Après avoir réprimé à huis clos et dans le sang, vraisemblablement au prix effroyable de milliers de victimes, ce qu’elles considèrent comme un complot “terroriste” ourdi par les États-Unis et Israël, les autorités de la République islamique iranienne ont organisé lundi 12 janvier des rassemblements de masse en soutien au régime.
“Au départ”, les manifestations contre la vie chère “étaient pacifiques et légitimes”, mais elles ont “dérapé” le 8 janvier, lorsque des “terroristes organisés et entraînés” se sont infiltrés parmi les manifestants et ont pris pour cible protestataires et forces de sécurité – en les “brûlant vifs” et les “décapitant”, et en “incendiant mosquées et autres biens publics et privés”.
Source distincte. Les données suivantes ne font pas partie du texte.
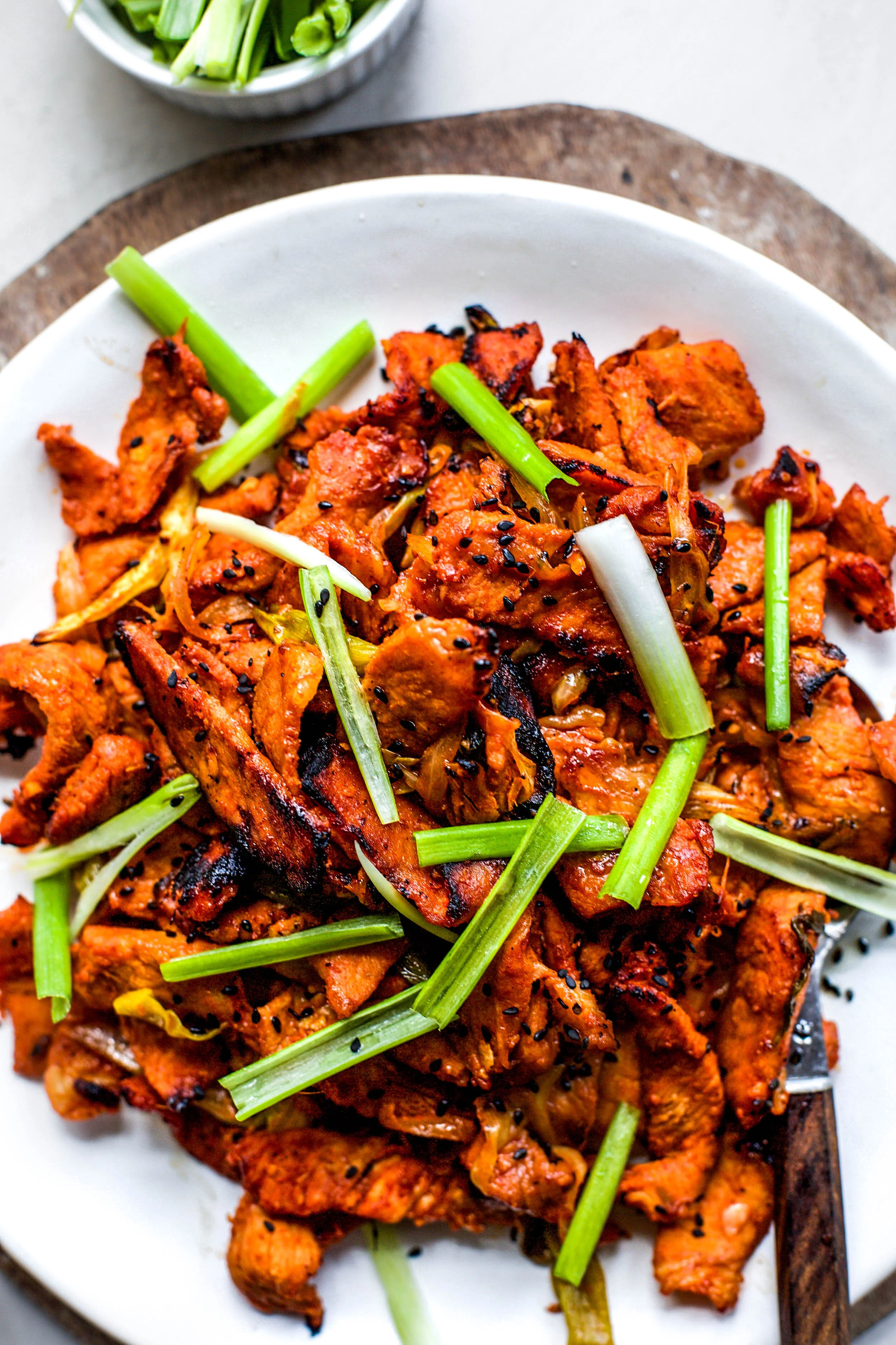 Add the onions to the meat and marinade and toss to combine. Marinate the meat and onions for at least 30 minutes, but up to a few hours in the refrigerator.

Leur but ? “Augmenter le nombre de victimes” et “semer le chaos” pour “pousser” le président américain Donald Trump, qui avait promis d’agir en cas de répression brutale, à “intervenir” et déclencher “le 13e jour de la dernière guerre”, en référence à la guerre des 12 jours qui a opposé en juin Israël à l’Iran, au cours de laquelle les États-Unis avaient frappé des installations nucléaires.
C’est pour “perturber la coordination entre ces cellules terroristes”, dont “les ordres venaient de l’étranger”, que les autorités ont décidé de couper les communications. Une “grande partie” de leurs membres ont été arrêtés. Désormais, la situation dans le pays est “sous contrôle” et “calme”.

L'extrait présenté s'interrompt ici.